What did Donald Trump do today?
He tried to play off a pardon scheme as a "joke."
Citing Trump's own aides, the Washington Post reported yesterday that Trump is so desperate to make some kind of progress on his long-promised border wall that he told staff he would pardon them if they had to break laws to get it done. Specifically, he ordered staff to simply seize property from private landowners without going through the legal process of eminent domain. (Trump knows only too well how uncertain that process is: he once tried and failed to get Atlantic City to use its power to seize an elderly widow's house so that he could build a casino parking lot.)
No one doubts Trump's anxiety over the wall. He's privately admitted he doesn't think it will actually do anything to stop border crossings, but he believes it's popular with likely Trump voters. (It's much less popular closer to the actual border, where landowners would be affected by it.)

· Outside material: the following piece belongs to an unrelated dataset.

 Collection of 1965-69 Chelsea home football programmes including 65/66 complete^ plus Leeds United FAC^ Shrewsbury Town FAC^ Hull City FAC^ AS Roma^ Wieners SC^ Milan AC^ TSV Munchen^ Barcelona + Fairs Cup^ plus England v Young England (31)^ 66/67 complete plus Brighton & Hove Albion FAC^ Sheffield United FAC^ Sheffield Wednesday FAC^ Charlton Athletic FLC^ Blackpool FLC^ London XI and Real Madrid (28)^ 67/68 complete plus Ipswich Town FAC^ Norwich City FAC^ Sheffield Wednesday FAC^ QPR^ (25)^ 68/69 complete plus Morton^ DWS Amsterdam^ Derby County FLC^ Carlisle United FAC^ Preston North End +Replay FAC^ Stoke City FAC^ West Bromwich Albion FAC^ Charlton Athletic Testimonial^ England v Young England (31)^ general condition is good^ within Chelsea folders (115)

Having failed in his first two and a half years to build even a single mile of new wall, or to get Mexico to pay a dime for it, Trump is now insisting that the whole project be done by the election. In the real world, experts think that even the most modest plans would take ten years to build, and that's before Trump's personal esthetic touches are added.

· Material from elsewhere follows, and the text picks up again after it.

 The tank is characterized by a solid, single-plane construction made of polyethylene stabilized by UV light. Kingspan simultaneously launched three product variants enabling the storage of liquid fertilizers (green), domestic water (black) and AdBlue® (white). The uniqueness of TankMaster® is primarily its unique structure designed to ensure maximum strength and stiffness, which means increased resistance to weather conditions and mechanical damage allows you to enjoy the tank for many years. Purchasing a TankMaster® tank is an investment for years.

Trump didn't deny having dangled pardons to induce people to break the law. Instead, he explained it this way today: he was just joking.

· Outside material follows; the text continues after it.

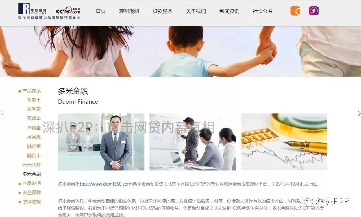 华夏融创于11月16日紧急修改官方网站网页,将多米金融信息火速进行删除。

This isn't the first time Trump has pretended he was "joking" after getting caught saying something he regretted. Last week, after looking to the heavens and calling himself "the chosen one"—on the same day he retweeted someone who called him "the King of Israel"—Trump backtracked by insisting that it was a joke. (Specifically, he said that reporters knew it was a joke because he was smiling when he said it. He wasn't.)
Trump was also "joking" when he begged Russia on live TV to hack Hillary Clinton's e-mails. In that case, he didn't reveal the "joke" until almost three years later. Russian agents apparently didn't get the joke—they began attacking Democratic Party servers that very same day.
Trump also likes to "joke" about calling his political enemies traitors or un-American, something that has led to a surge in violent crime committed in his name. He's "joked" that President Obama was behind the Islamic State, and that Democrats who failed to clap for him at a speech were treasonous.
Why does this matter?
- Conservatives who voted for Trump might not like how willing he is to break the law to seize private property.
- Dangling pardons to get people to break the law isn't a great idea for a president.